The majority of my neighborhood lacks sidewalks; however, once in a while, one will appear out of nowhere, then disappear into some bushes.
Saturday afternoon, I took the punk for a walk. He wasn't enjoying the outing as much as I had hoped he would, so we were on our way back home when (soon after taking this picture,) I heard a man moaning and groaning. I noticed that the older gentleman who had been sitting on his front porch when we passed him going north was no longer there. It puzzled and alarmed me a bit, but I was more curious than afraid. I left the punk in his stroller on the driveway and ventured down the side of the house towards the moaning.
Narrow cement steps descended from the front yard to the back yard, and lying across them were some tree branches. A man ("Mr. X") was stumbling down the last two steps and he had obviously had some kind of accident. His shirt sleeve was torn, and he was bleeding from his elbow and his head. I said, "Sir? Excuse me, Sir, are you hurt?" All the while, he was still moaning, more from shock, I think, than anything else. I asked him if he would like me to call 911, but he refused. Besides being scraped up and a little frightened and winded, he seemed okay. So, after retrieving the punk from his stroller, I met Mr. X inside his house where he attempted to get a hold of his wife while I got him a glass of water. Now that I think about it, it was odd that I was in a stranger's home rummaging around his kitchen trying to find the glasses (which were in the last cupboard I opened, because that's always how those things go), but at the time, it was the most natural thing in the world. A nice gentleman needed my assistance and I was there at the right time. It turns out, he was trying to carry branches up the cement steps to the garbage can, but somehow lost his footing and tumbled down the unforgiving terrain.

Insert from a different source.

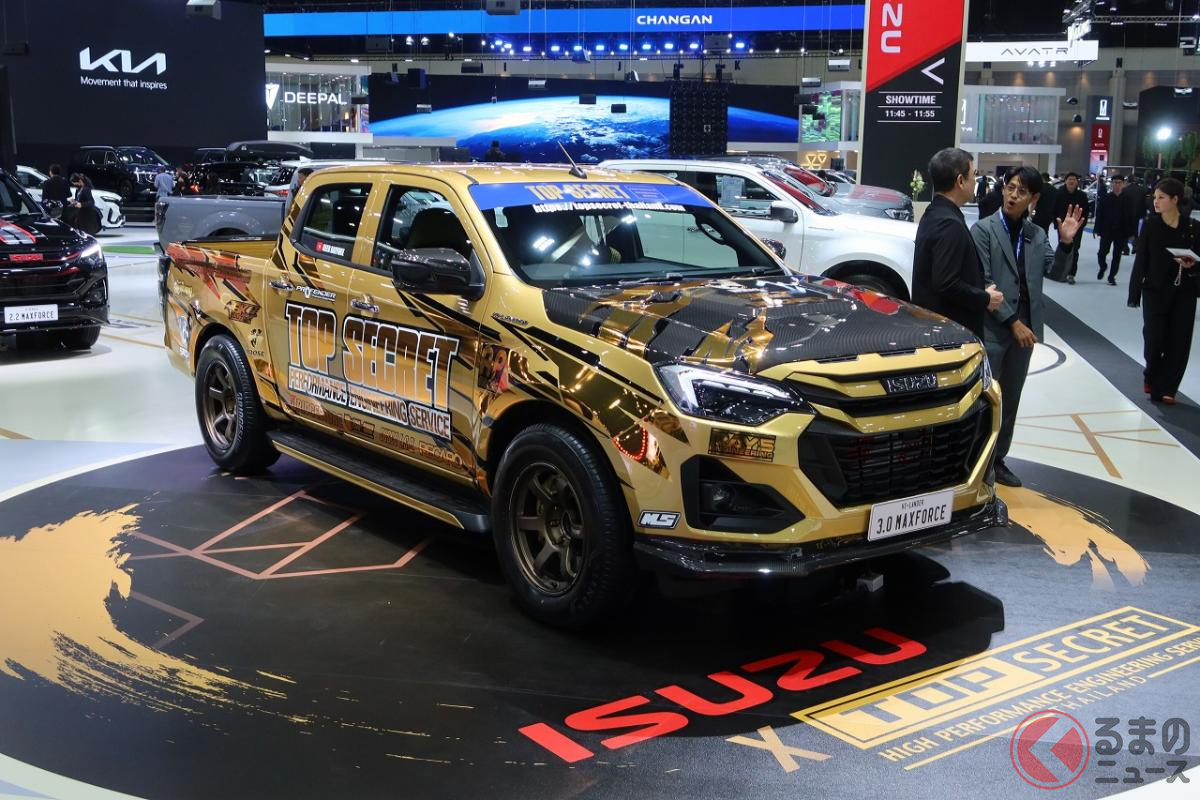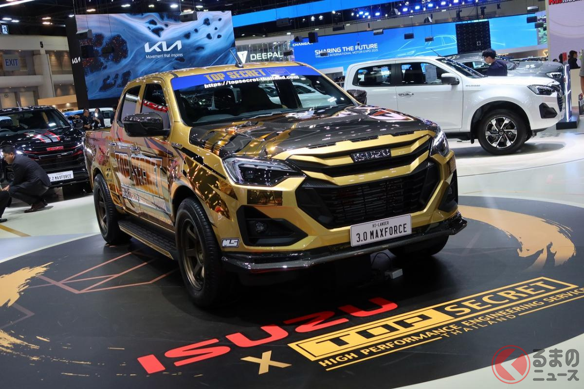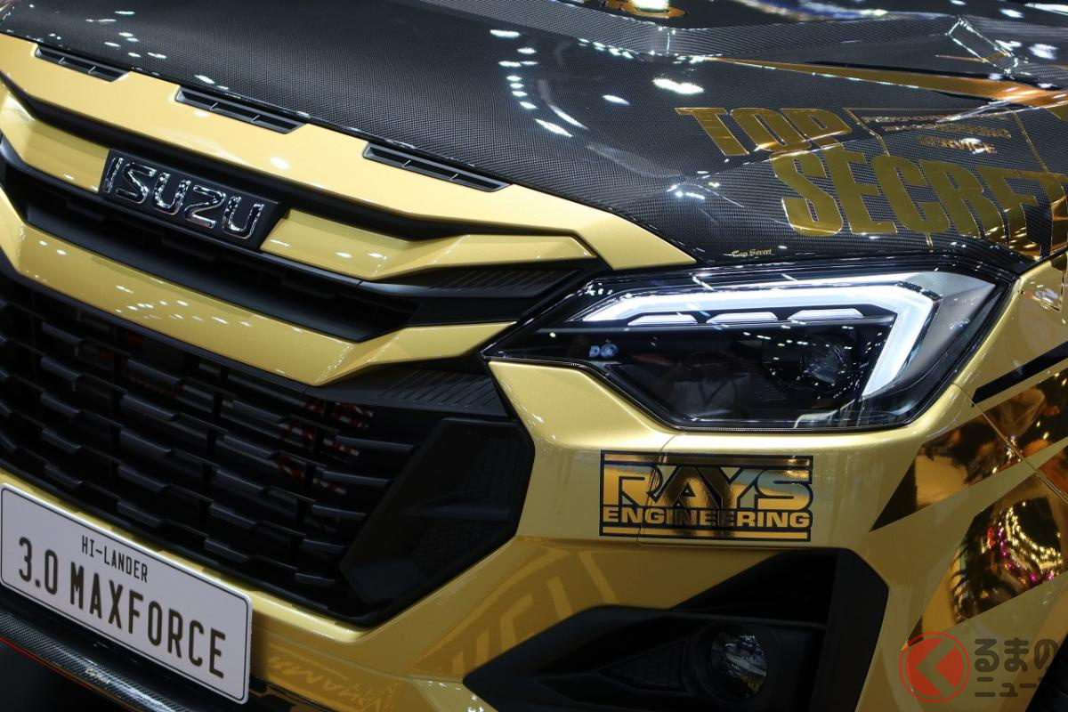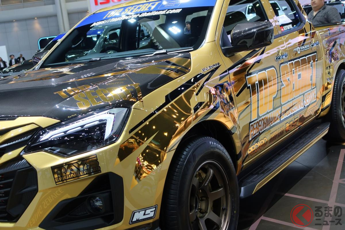 6速MT搭載! 高性能3リッターターボの「ド迫力マシン」にくぎ付け! 精悍「黄金ボディ」もカッコいいメーカー公認の“チューニングモデル”「いすゞ D-MAX TOPSECRET仕様」タイに登場

I called my man and asked him to come over to help me make sure Mr. X was alright. On his way over, he brought the neighbors who live across the street from the man. These are the
same neighbors who helped me when I locked myself out of the house the week before. They are busy people, rescuing everyone around them from crises.
The next day, Mr. X's wife, Mrs. X, retold the story over the pulpit in testimony meeting. Because I was in the mother's lounge with the punk, I only heard bits and pieces, but was commended later for coming to Mr. X's rescue. Apparently, a story becomes better and better the more it is told because today, when a friend in the neighborhood learned that it was me who had "found Mr. X," she was greatly impressed. She had heard that he was lying on the ground when I came to his aid. I'm hoping that as the story circulates, I'll eventually be the girl who, upon finding poor Mr. X at the bottom of a ravine in a pool of his blood, which was pulsating from his severed arm, made a tourniquet from my bra and reattached his limb using my MacGyver skills and grass woven from his overgrown lawn.